● PROBLEM
Everything in the data below is left aside except the lines from the one containing "プルメリアをモチーフにした、彫りと透かしの美しい陰影をお楽しみください。" through the one containing "LOYALLOOK 5 Pairs"; repeat those exactly.
======== DATA SECTION
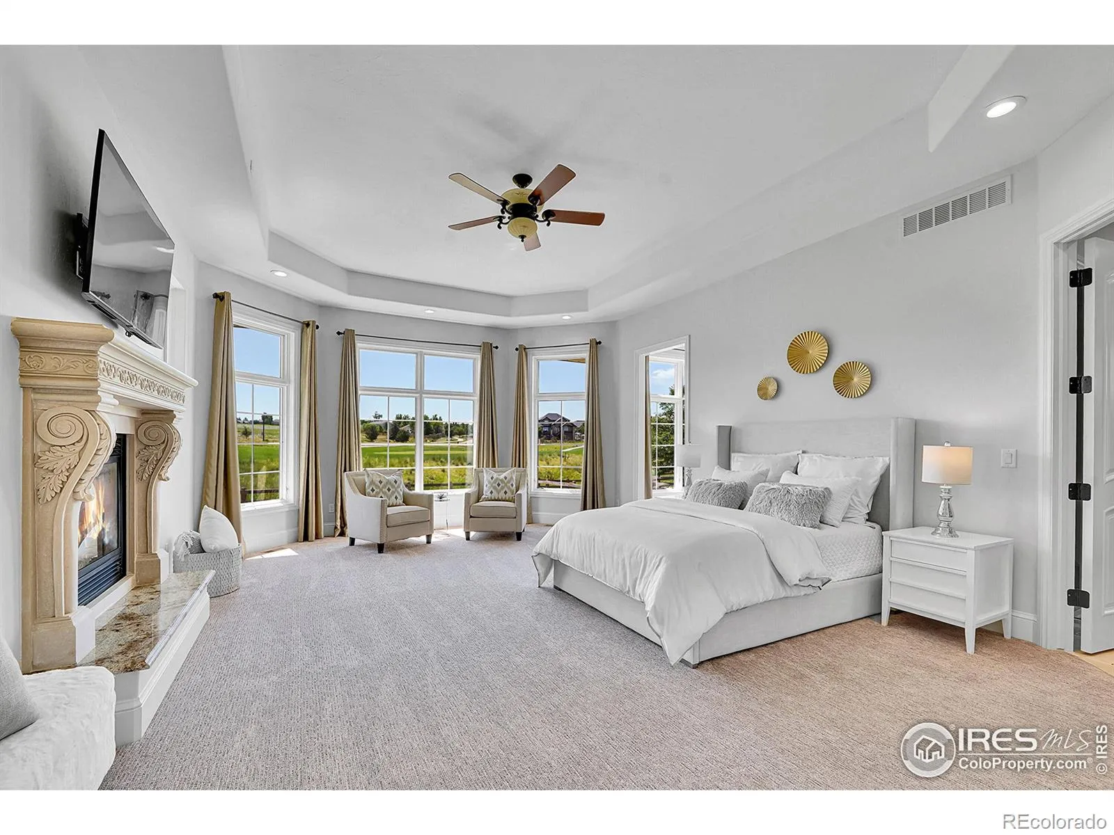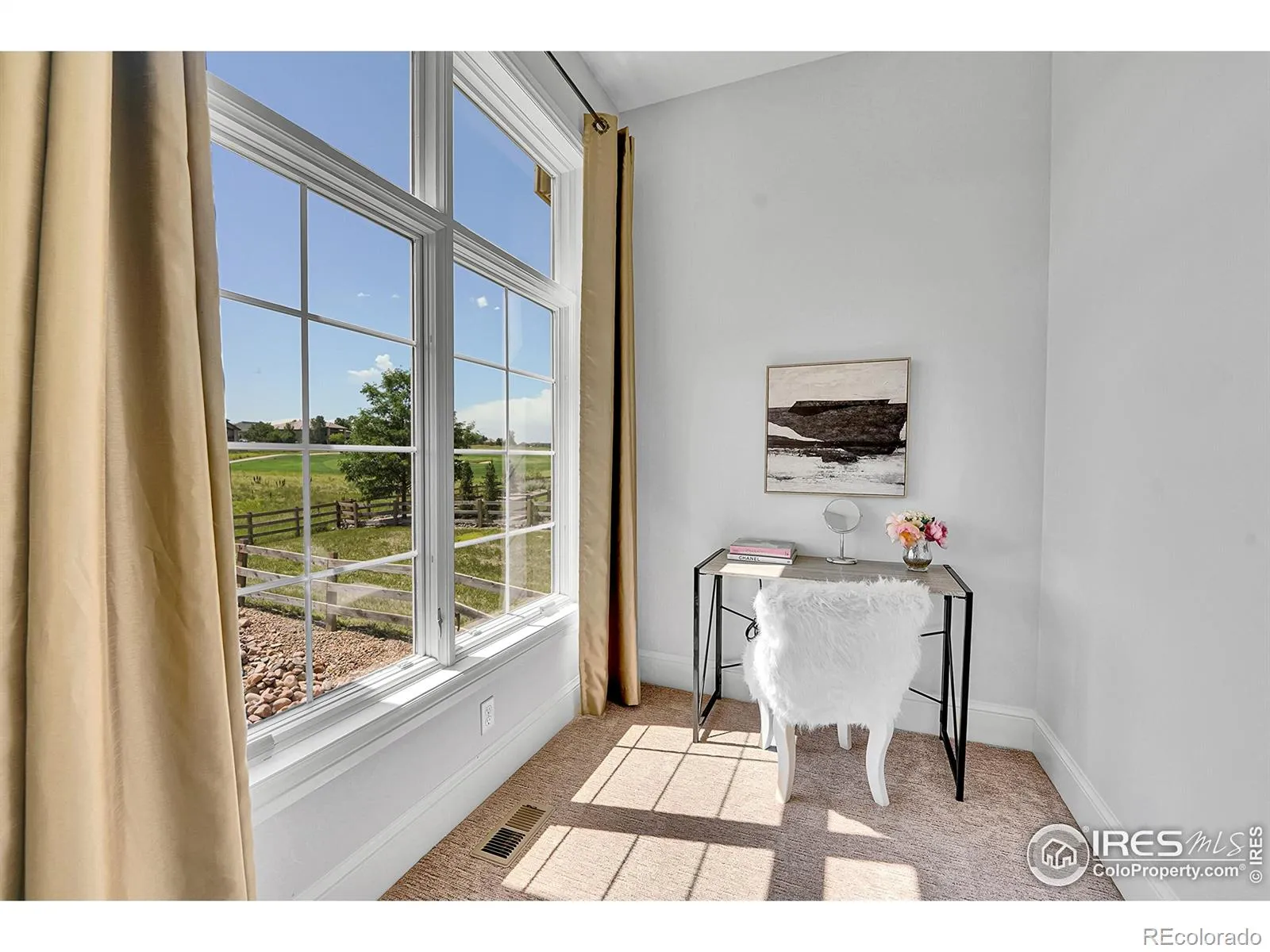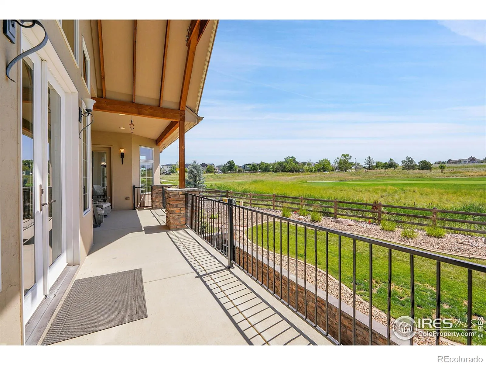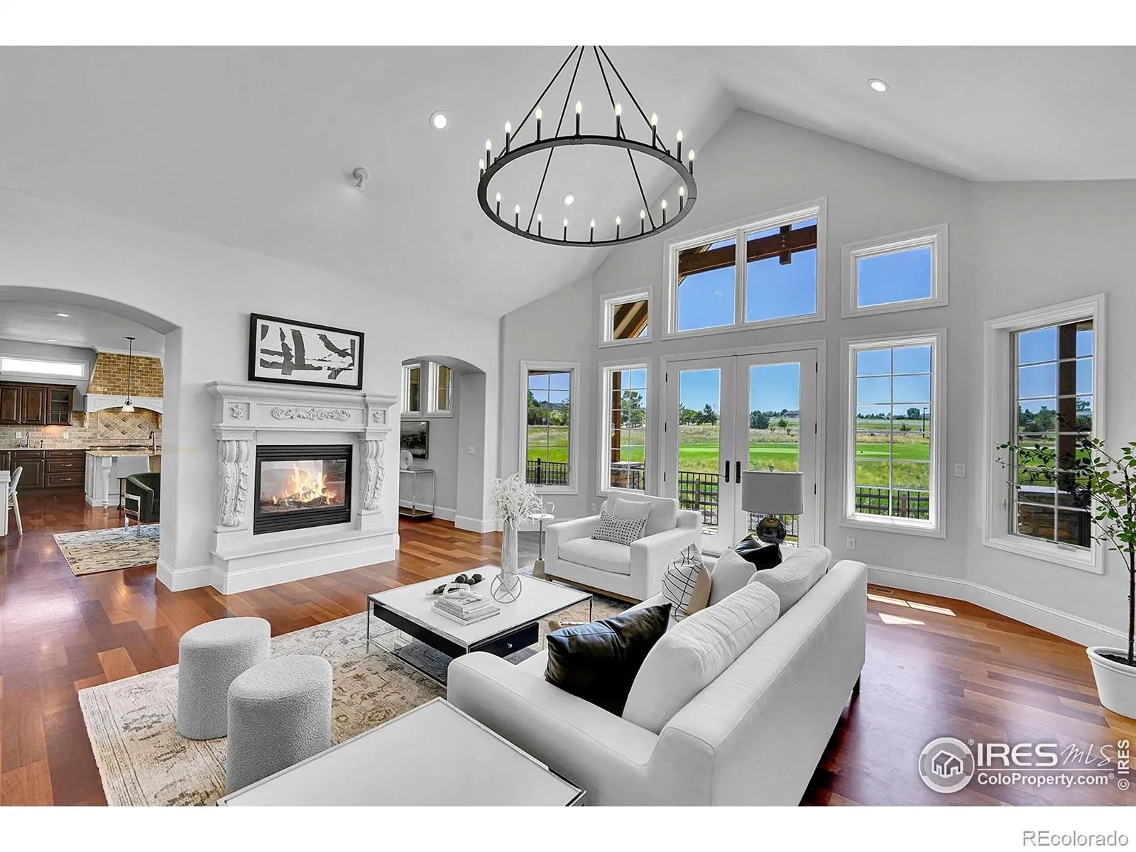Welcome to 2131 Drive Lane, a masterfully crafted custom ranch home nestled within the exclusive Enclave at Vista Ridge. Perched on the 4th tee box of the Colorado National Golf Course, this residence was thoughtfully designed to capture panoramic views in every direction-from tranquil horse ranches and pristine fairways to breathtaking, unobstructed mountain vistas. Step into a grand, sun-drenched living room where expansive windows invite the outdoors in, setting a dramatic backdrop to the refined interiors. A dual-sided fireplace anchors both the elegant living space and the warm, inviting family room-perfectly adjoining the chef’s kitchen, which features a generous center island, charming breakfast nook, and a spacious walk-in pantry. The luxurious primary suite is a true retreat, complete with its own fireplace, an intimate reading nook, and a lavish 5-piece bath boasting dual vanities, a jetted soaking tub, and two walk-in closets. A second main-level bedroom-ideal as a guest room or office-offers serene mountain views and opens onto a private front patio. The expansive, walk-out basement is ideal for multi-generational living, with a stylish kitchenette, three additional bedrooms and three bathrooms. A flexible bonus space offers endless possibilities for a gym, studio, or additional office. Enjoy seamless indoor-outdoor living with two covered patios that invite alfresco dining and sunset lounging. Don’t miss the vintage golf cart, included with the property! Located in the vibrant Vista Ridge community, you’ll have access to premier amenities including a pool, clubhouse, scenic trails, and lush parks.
================
======== DATA SECTION
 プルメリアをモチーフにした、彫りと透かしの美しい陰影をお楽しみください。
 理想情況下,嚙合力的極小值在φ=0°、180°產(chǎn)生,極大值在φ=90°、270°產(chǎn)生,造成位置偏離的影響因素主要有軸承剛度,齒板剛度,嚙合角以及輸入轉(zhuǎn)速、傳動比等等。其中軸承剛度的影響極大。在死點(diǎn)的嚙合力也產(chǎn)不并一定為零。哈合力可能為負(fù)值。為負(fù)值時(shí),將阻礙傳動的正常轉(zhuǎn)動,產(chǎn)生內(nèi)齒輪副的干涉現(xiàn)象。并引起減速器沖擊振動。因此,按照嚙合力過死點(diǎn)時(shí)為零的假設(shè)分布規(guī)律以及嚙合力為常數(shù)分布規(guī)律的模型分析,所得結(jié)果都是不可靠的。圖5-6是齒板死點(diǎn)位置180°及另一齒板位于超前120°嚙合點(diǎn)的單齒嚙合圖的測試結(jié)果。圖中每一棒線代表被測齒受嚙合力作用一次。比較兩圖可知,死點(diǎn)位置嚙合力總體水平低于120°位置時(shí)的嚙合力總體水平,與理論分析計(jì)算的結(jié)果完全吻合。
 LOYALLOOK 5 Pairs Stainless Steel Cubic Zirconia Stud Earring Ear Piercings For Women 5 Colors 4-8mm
================
======== DATA SECTION
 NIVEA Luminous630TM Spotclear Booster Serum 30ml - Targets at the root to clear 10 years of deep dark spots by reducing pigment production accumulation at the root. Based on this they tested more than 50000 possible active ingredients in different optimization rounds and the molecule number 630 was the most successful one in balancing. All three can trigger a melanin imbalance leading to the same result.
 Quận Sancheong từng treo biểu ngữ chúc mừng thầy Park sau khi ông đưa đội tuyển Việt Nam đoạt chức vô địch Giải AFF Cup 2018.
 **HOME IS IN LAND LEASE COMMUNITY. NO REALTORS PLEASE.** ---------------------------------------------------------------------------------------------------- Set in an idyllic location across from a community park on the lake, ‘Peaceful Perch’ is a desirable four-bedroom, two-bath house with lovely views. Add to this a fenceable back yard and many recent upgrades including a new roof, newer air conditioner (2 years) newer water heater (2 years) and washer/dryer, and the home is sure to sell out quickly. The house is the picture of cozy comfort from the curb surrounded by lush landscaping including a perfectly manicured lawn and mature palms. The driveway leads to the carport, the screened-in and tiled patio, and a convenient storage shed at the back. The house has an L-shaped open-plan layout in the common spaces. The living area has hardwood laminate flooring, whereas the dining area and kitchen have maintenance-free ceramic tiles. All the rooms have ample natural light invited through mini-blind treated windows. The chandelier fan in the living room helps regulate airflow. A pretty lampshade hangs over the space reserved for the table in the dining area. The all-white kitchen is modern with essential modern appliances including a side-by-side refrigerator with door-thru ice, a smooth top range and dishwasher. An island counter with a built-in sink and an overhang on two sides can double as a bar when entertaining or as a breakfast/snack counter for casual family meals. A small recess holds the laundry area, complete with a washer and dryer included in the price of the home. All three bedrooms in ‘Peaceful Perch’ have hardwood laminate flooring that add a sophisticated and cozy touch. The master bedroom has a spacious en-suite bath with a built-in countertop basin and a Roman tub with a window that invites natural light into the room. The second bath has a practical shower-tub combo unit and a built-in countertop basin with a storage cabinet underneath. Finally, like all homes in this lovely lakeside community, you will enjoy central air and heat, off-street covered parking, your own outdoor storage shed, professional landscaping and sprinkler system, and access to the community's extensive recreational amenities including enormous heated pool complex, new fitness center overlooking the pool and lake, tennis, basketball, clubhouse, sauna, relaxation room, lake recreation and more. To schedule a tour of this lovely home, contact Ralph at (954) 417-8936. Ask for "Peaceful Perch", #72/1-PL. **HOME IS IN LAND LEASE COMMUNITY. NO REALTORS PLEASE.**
================
● WRITTEN SOLUTION
 プルメリアをモチーフにした、彫りと透かしの美しい陰影をお楽しみください。
 理想情況下,嚙合力的極小值在φ=0°、180°產(chǎn)生,極大值在φ=90°、270°產(chǎn)生,造成位置偏離的影響因素主要有軸承剛度,齒板剛度,嚙合角以及輸入轉(zhuǎn)速、傳動比等等。其中軸承剛度的影響極大。在死點(diǎn)的嚙合力也產(chǎn)不并一定為零。哈合力可能為負(fù)值。為負(fù)值時(shí),將阻礙傳動的正常轉(zhuǎn)動,產(chǎn)生內(nèi)齒輪副的干涉現(xiàn)象。并引起減速器沖擊振動。因此,按照嚙合力過死點(diǎn)時(shí)為零的假設(shè)分布規(guī)律以及嚙合力為常數(shù)分布規(guī)律的模型分析,所得結(jié)果都是不可靠的。圖5-6是齒板死點(diǎn)位置180°及另一齒板位于超前120°嚙合點(diǎn)的單齒嚙合圖的測試結(jié)果。圖中每一棒線代表被測齒受嚙合力作用一次。比較兩圖可知,死點(diǎn)位置嚙合力總體水平低于120°位置時(shí)的嚙合力總體水平,與理論分析計(jì)算的結(jié)果完全吻合。
 LOYALLOOK 5 Pairs Stainless Steel Cubic Zirconia Stud Earring Ear Piercings For Women 5 Colors 4-8mm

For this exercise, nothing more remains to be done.